Here are the top 10 updates in this big story:
- The opposition parties kept up the pressure on the Centre to cut prices. Former union minister P Chidambaram claimed in a series of tweets that it was possible to cut up to Rs. 25 per litre in petrol prices, but the government will not do so.
- "Central government saves Rs. 15 on every litre of petrol due to fall in crude oil prices. Central government puts additional tax of Rs. 10 on every litre of petrol," his tweet read.
- The BJP has asked states to cut taxes on fuel. Four BJP-ruled states -- Madhya Pradesh, Rajasthan and Chhattisgarh, where election will be held later this year -- and Maharashtra, are among those levying high taxes on fuel.

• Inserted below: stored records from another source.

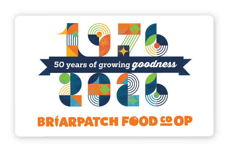 BriarPatch Food Co-op pre-paid cards are a gift that everyone appreciates: your family, friends, co-workers, and even as a donation to your favorite nonprofit group. But they’re not just for gifts — use them yourself and for your family instead of cash for tasty prepared meals and snacks, coffee and drinks from our deli - and of course, groceries! They're convenient and are reloadable in-store.Â
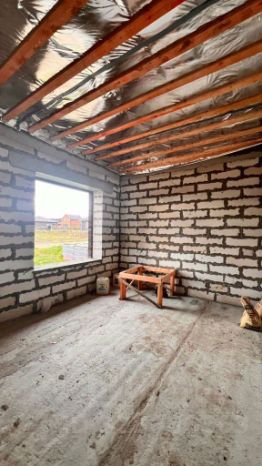 Дом построен из газосиликатных блоков, облицовочный кирпич BRAER, капитальный фундамент (свайно-ростверковый), плиты перекрытия, трехкамерные стеклопакеты, профиль 70 мм, крыша перекрыта металлочерепицей. На этаже большая кухня - гостиная, с выходом на веранду, санузел, бойлерная, гардеробная, три спальные комнаты.
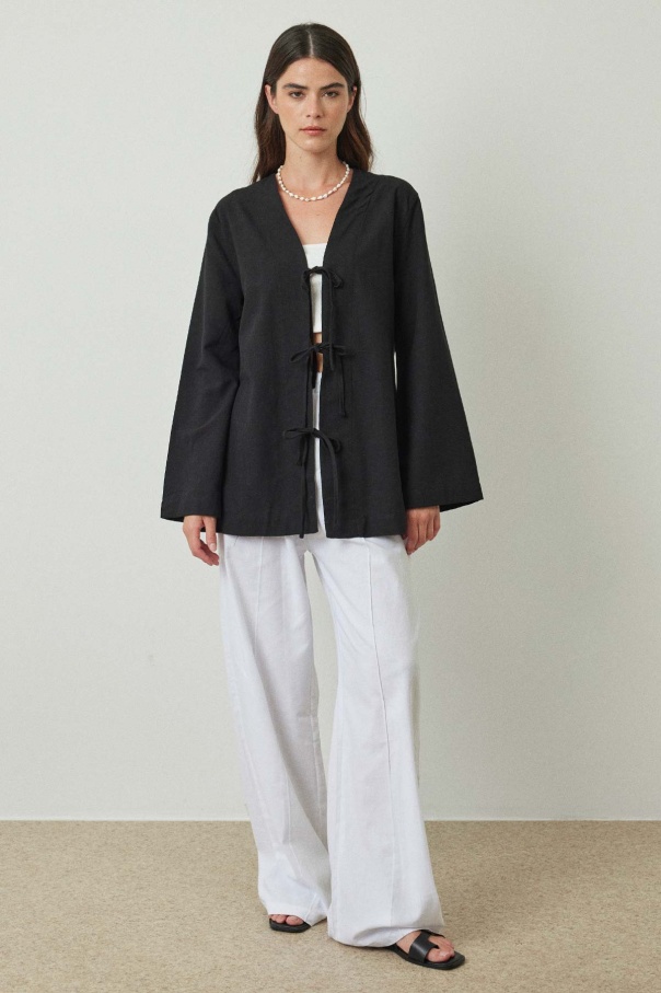 Fiyonk Bağlama Siyah Gömlek
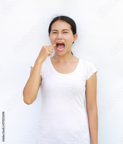 Young asian woman in T-Shirt Showing expression open her mouth.
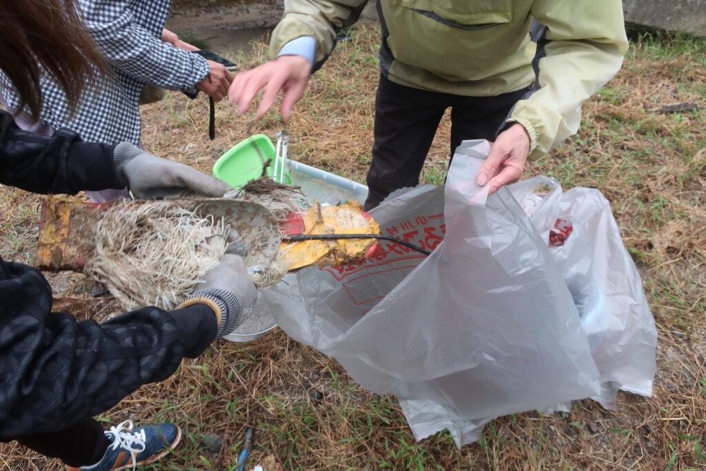 工事資材、苗ポットの表示カード、農業ネット、魚とりの網、ブルーシートの破片…ごみとして川に投げ込まれてしまった物の他にも、風や台風などによって意図せず川に流れ着いてしまったごみも多いように感じました。

- The opposition accuses the government of failing to provide relief to the common man by cutting excise duty. Demand to cut excise has also been reiterated by various industry bodies, including FICCI. There are also suggestions that instead of excise, the flagship Goods and Services tax be levied on fuel.
- Levying GST on any product comes under the finance ministry, but the Centre and the states had agreed to keep petrol out of it since the beginning. Junior finance minister Shiv Pratap Shukla said petrol "can't be brought before the GST Council until and unless all states' finance ministers agree".
- Petrol and diesel rates have touched record highs after the daily revision of retail prices were put on hold for 19 days. This happened ahead of the Karnataka elections and was a huge departure from the norm of day-to-day revision of prices.
- Amid opposition allegations that the government was playing politics for votes, state-owned Indian Oil Corporation chief Sanjeev Singh said there was no directive from the government to cap oil prices. It was an internal decision of the firm to "moderate" the prices "because we were expecting them to fall", he said.
- Yesterday, BJP chief Amit Shah said the government was working on a "formula" to check the spike in fuel prices. "The petroleum minister will have a meeting with the officials of the oil companies," Mr Shah had told reporters.
- Oil prices are tied to the cost of crude oil in international market. Retail prices are set after the Centre and the states add substantial excise duty. A reduction can happen only if either excise duty is reduced -- in which case the Centre and state governments bear the loss. Else the loss can be passed on -- or oil firms directly bear the loss.
- Fuel, however, is a huge source of revenue, which is why no government has been eager to cut excise duty. Government data shows the Finance Ministry raised excise duty on petrol and diesel nine times between November 2014 and February 2016. Excise duty was reduced only once in October 2017.